Le mysticisme sert à désigner le fait de la pratique mystique, en induisant quelquefois l'idée d'une formalisation ou une systématisation du comportement mystique.

Définition

«Il y a assurément de l'inexprimable. Ce dernier se montre, il est l'élément mystique. [2]»

Les différences significatives d'interprétation du sens de la mystique reposent sur les différentes perceptions de cette part d'inexprimable. Le sens est par conséquent sensiblement différent selon qu'on l'aborde sous son aspect ésotérique (avec un point de vue interne, et par conséquent mystique), ou sous l'aspect exotérique (avec un point de vue externe, potentiellement sceptique).

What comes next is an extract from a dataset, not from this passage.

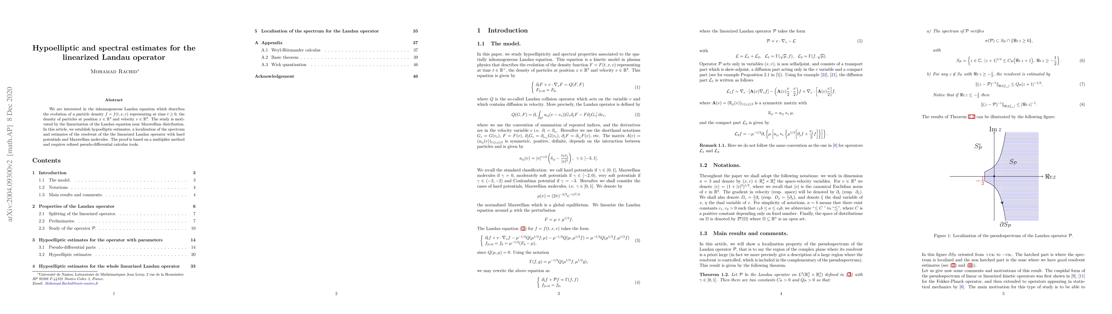 This paper establishes hypoelliptic estimates and spectral properties for the linearized Landau operator, focusing on the evolution of particle density near Maxwellian distribution. The proof utilizes a multiplier method and advanced pseudo-differential calculus techniques.

Dans l'approche exotérique ont peut aussi distinguer la vision sceptique, répandue dans le langage familier, qui repose sur l'idée que cette part inexprimable n'existe pas, ou du moins qu'elle est usurpée par ce qui est ainsi désigné.

Approche ésotérique

Exprimé par ceux qui sont désigné ainsi, la caractéristique principale d'une mystique, quelle que soit la religion d'où elle est issue, est qu'elle propose l'introspection comme moyen d'atteindre le divin ou la "Vérité".

On peut ainsi en trouver différentes nuances, surtout :

Histoire linguistique

Le mot mystique viens du grec μυάω muaô qui veut dire «se taire», «être silencieux» et qui a donné μυστικός mystikos, les «Mystères» de l'Antiquité grecque.

Le terme mystique porte aussi cette idée d'un mystère, ce qui est mystique n'est pas accessible, pas démontrable, [3], et par conséquent potentiellement sujet à la suspicion. Du sens originel de l'aspect pratique de la réalisation dans une ascèse spirituelle, la notion de mysticisme s'est par conséquent chargé d'un sens théorique et doctrinal, voir même dans un sens péjoratif d'une idée de dogme gnostique qui s'oppose au sens premier.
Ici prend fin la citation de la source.